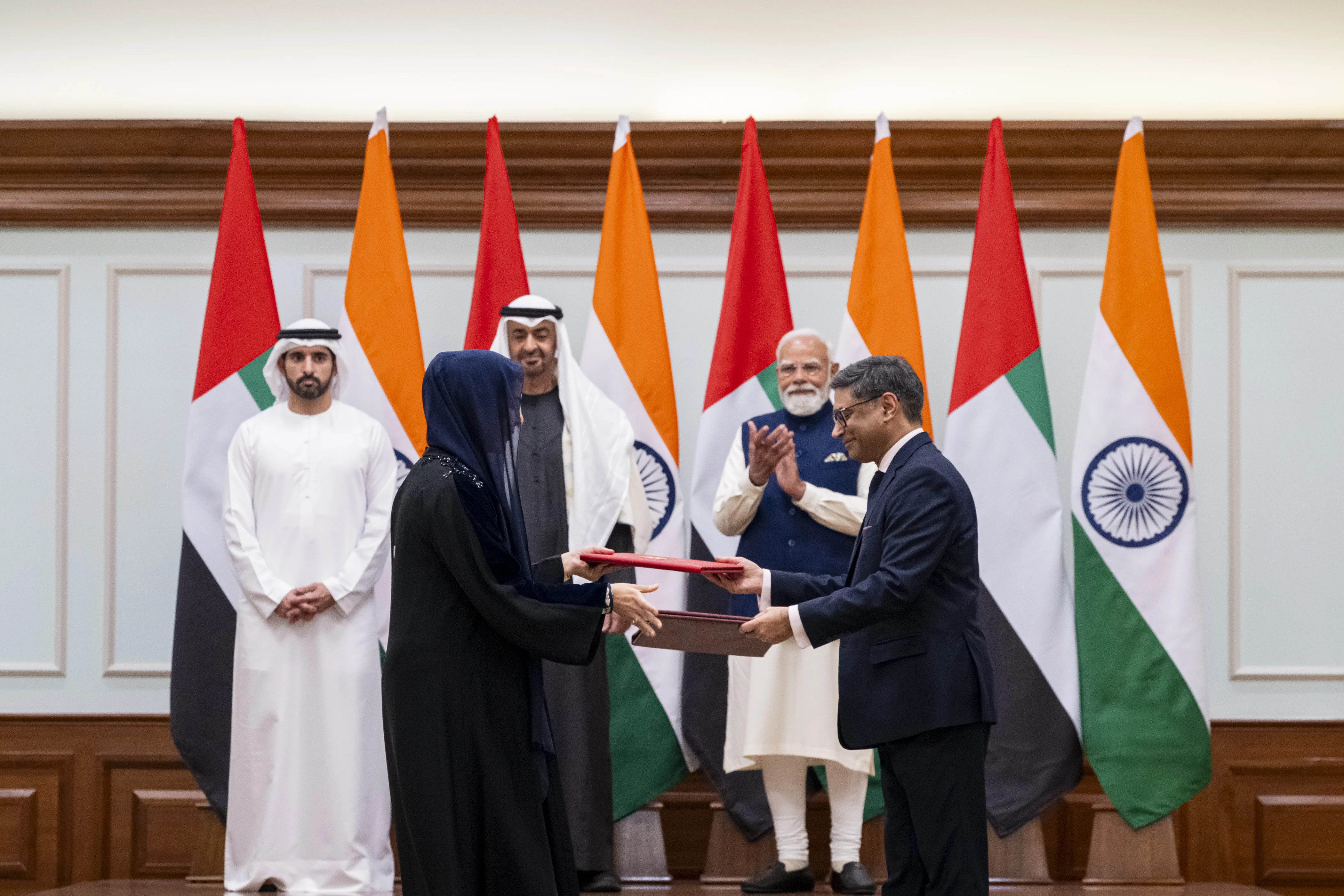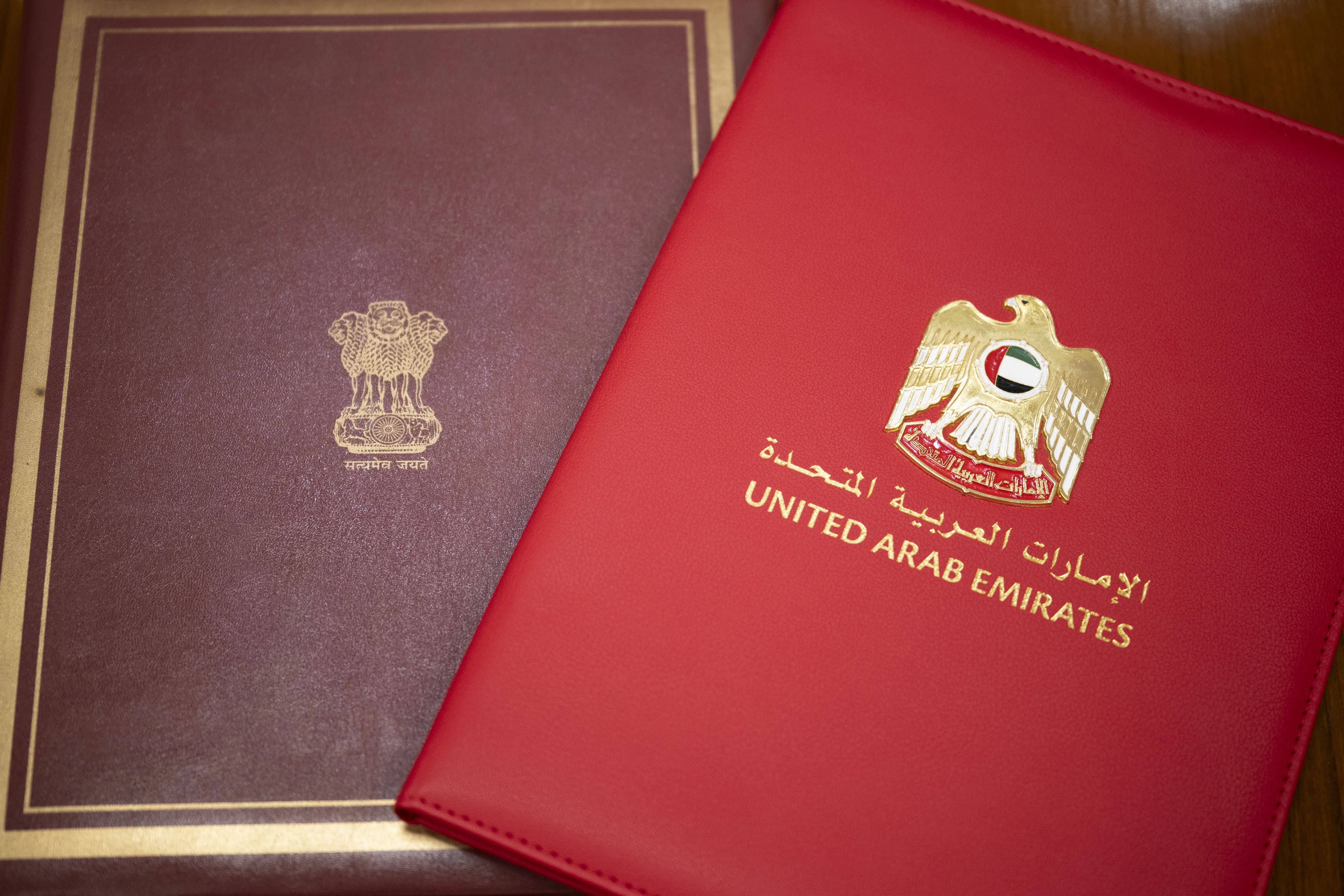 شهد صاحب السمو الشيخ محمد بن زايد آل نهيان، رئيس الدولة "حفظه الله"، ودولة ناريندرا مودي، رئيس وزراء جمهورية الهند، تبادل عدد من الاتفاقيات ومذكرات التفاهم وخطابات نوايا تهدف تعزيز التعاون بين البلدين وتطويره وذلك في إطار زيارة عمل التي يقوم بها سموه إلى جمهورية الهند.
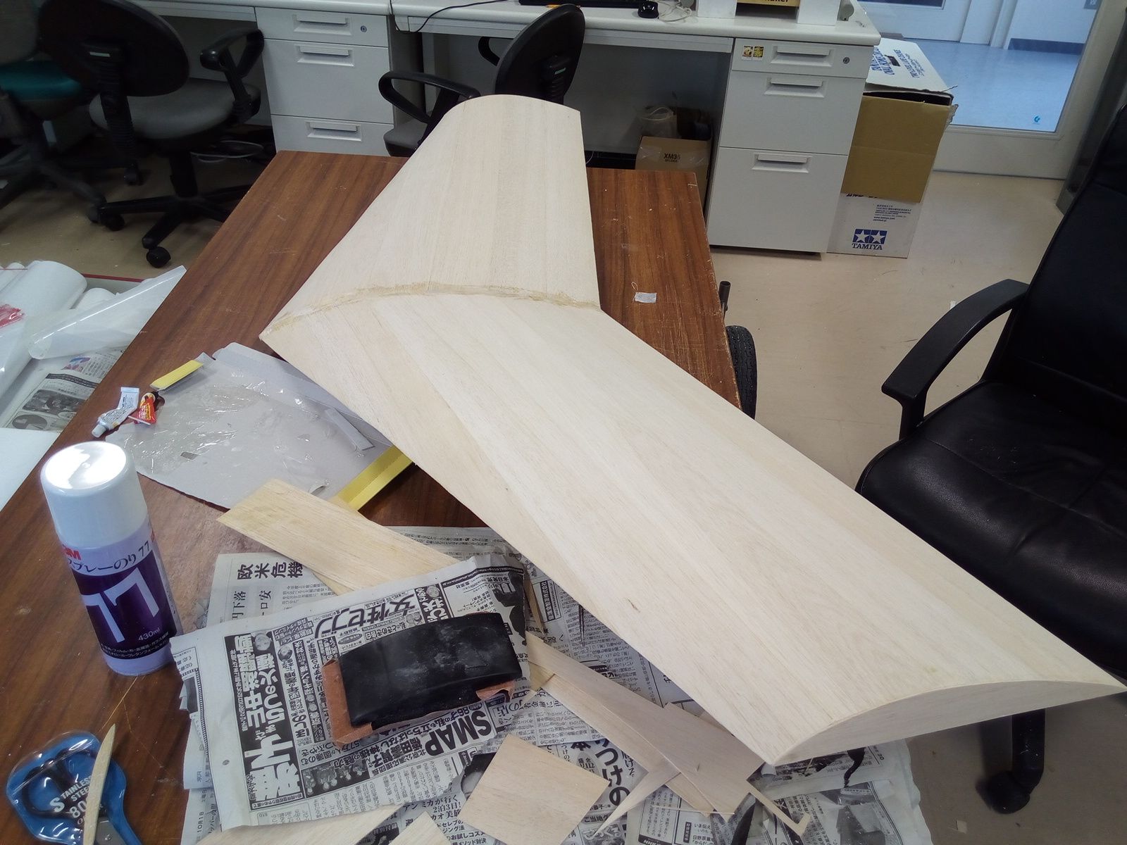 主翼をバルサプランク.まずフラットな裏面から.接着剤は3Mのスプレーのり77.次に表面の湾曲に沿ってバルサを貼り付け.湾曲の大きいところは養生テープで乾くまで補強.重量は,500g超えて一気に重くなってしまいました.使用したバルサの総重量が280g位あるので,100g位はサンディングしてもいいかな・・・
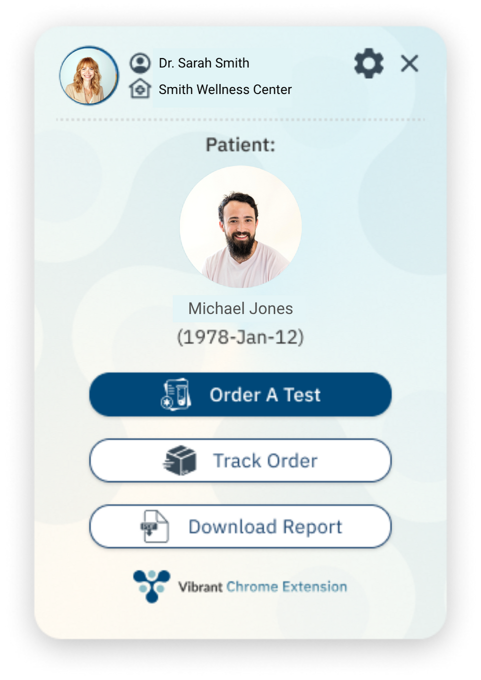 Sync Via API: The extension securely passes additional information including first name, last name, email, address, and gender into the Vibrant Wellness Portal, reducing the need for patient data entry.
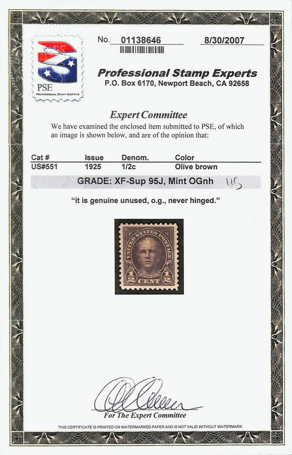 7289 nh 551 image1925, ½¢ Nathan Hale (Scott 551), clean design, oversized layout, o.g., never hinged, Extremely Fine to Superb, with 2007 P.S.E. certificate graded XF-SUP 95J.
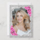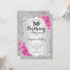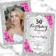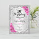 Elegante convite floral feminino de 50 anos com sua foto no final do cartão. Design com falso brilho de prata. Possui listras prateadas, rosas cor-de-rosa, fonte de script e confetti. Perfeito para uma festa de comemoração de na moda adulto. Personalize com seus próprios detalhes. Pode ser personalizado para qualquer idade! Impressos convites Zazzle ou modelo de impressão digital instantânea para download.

• [Brief]
Print every entry exactly as written, without the pictures.

• [Solution to the exercise]
 شهد صاحب السمو الشيخ محمد بن زايد آل نهيان، رئيس الدولة "حفظه الله"، ودولة ناريندرا مودي، رئيس وزراء جمهورية الهند، تبادل عدد من الاتفاقيات ومذكرات التفاهم وخطابات نوايا تهدف تعزيز التعاون بين البلدين وتطويره وذلك في إطار زيارة عمل التي يقوم بها سموه إلى جمهورية الهند.
 主翼をバルサプランク.まずフラットな裏面から.接着剤は3Mのスプレーのり77.次に表面の湾曲に沿ってバルサを貼り付け.湾曲の大きいところは養生テープで乾くまで補強.重量は,500g超えて一気に重くなってしまいました.使用したバルサの総重量が280g位あるので,100g位はサンディングしてもいいかな・・・
 Sync Via API: The extension securely passes additional information including first name, last name, email, address, and gender into the Vibrant Wellness Portal, reducing the need for patient data entry.
 7289 nh 551 image1925, ½¢ Nathan Hale (Scott 551), clean design, oversized layout, o.g., never hinged, Extremely Fine to Superb, with 2007 P.S.E. certificate graded XF-SUP 95J.
 Elegante convite floral feminino de 50 anos com sua foto no final do cartão. Design com falso brilho de prata. Possui listras prateadas, rosas cor-de-rosa, fonte de script e confetti. Perfeito para uma festa de comemoração de na moda adulto. Personalize com seus próprios detalhes. Pode ser personalizado para qualquer idade! Impressos convites Zazzle ou modelo de impressão digital instantânea para download.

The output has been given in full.